Key difference from Messages API: Messages API gives direct model access (you build everything). Managed Agents gives a complete agent platform (containers, tools, persistence, fault recovery included).
Four Core Concepts¶
| Concept | What it is | Lifecycle |
|---|---|---|
| Agent | Versioned config: model + system prompt + tools + MCP servers | Create once, reference by ID |
| Environment | Container template: OS packages, network rules, language runtimes | Reusable across sessions |
| Session | Running agent instance inside an environment | Holds conversation history, filesystem, status |
| Events | SSE stream between your app and the agent | User messages in, agent responses + tool calls out |
Quick Start¶
# Install CLI
brew install anthropics/tap/ant # macOS
# or curl from GitHub releases for Linux
# Install SDK
pip install anthropic # Python
npm install @anthropic-ai/sdk # TypeScript
export ANTHROPIC_API_KEY="your-key"
Create Agent + Environment + Session¶
from anthropic import Anthropic
client = Anthropic()
# 1. Agent config
agent = client.beta.agents.create(
name="Coding Assistant",
model="claude-sonnet-4-6",
system="You are a helpful coding assistant. Write clean, well-documented code.",
tools=[{"type": "agent_toolset_20260401"}],
)
# 2. Container template
environment = client.beta.environments.create(
name="dev-env",
config={
"type": "cloud",
"networking": {"type": "unrestricted"},
"packages": {"pip": ["pandas", "numpy"]}, # optional
},
)
# 3. Start session
session = client.beta.sessions.create(
agent=agent.id,
environment_id=environment.id,
title="My first session",
)
# 4. Send task and stream results
with client.beta.sessions.events.stream(session.id) as stream:
client.beta.sessions.events.send(
session.id,
events=[{
"type": "user.message",
"content": [{"type": "text", "text": "Create a Fibonacci script"}],
}],
)
for event in stream:
match event.type:
case "agent.message":
for block in event.content:
print(block.text, end="")
case "agent.tool_use":
print(f"\n[Tool: {event.name}]")
case "session.status_idle":
print("\n\nDone.")
break
Built-in Tools¶
agent_toolset_20260401 includes all tools:
| Tool | Description |
|---|---|
bash | Shell commands in container |
read | Read files |
write | Write files |
edit | String replacement in files |
glob | File pattern matching |
grep | Regex search |
web_fetch | Download URL content |
web_search | Internet search |
Selective Tool Configuration¶
# Disable specific tools
{"type": "agent_toolset_20260401",
"configs": [
{"name": "web_fetch", "enabled": False},
{"name": "web_search", "enabled": False},
]}
# Enable only specific tools (everything else disabled)
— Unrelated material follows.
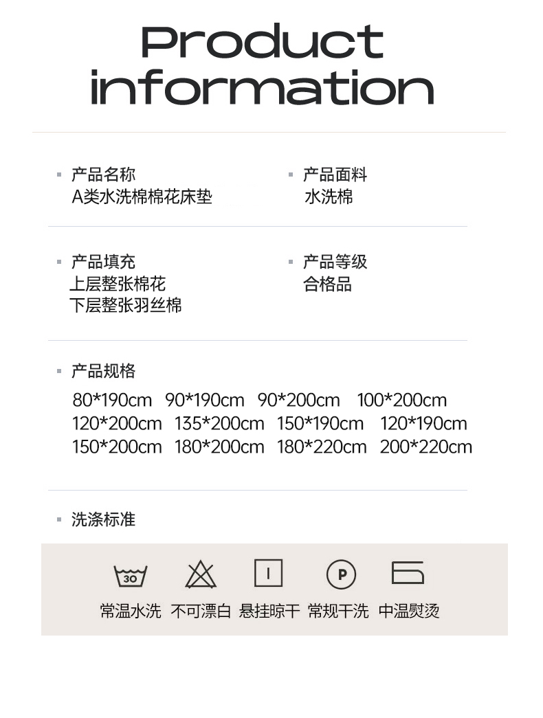 商品名称:(总)老帅的工厂店2025新款A类水洗棉珩绣棉花床褥
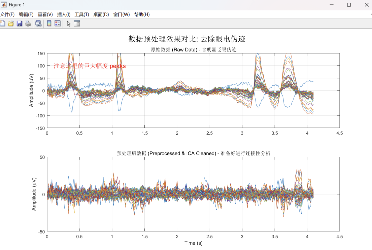 - 上图(原始数据): 我们可以清晰地看到在 0.4s, 1.1s, 3.2s 等时刻出现了巨大的尖峰,幅度高达 150 µV。这是典型的眨眼伪迹。如果不去除,这些强信号会瞬间传导至全脑电极(容积传导),导致算法误判为"全脑强连接"。

{"type": "agent_toolset_20260401",
"default_config": {"enabled": False},
"configs": [
{"name": "bash", "enabled": True},
{"name": "read", "enabled": True},
]}
Custom Tools¶
agent = client.beta.agents.create(
tools=[
{"type": "agent_toolset_20260401"},
{
"type": "custom",
"name": "get_weather",
"description": "Get current weather for a location",
"input_schema": {
"type": "object",
"properties": {"location": {"type": "string"}},
"required": ["location"],
},
},
],
)
Custom tool best practices: 3-4 sentence descriptions (what, when, limitations). Group related operations under one tool with action parameter. Use namespace prefixes (db_query, storage_read). Return only essential data.
Permission System¶
Two modes, combinable per-tool:
| Mode | Behavior | Use case |
|---|---|---|
always_allow | Auto-execute | Trusted internal agents |
always_ask | Pause for approval | User-facing agents |
MCP tools default to always_ask. This is more production-ready than LangGraph/CrewAI/AutoGen - none offer per-tool permissions out of the box.
Usage Patterns¶
| Pattern | Description | Example |
|---|---|---|
| Event-triggered | External system fires agent | Sentry: bug detected -> agent writes patch -> opens PR |
| Scheduled | Cron-style | Daily GitHub digest, team task summary |
| Fire-and-forget | Human submits task, gets result | Asana AI Teammates |
| Long-horizon | Hours of work, persistent state | Research projects, large codebase migrations |
CLI + SDK pattern: agent templates as YAML in git (model, prompt, tools, MCP). CLI deploys via CI pipeline. SDK manages sessions at runtime.
Outcomes (Research Preview)¶
Turns sessions from conversations into goal-oriented work. Define what "done" looks like with a rubric. A separate grader process evaluates quality independently.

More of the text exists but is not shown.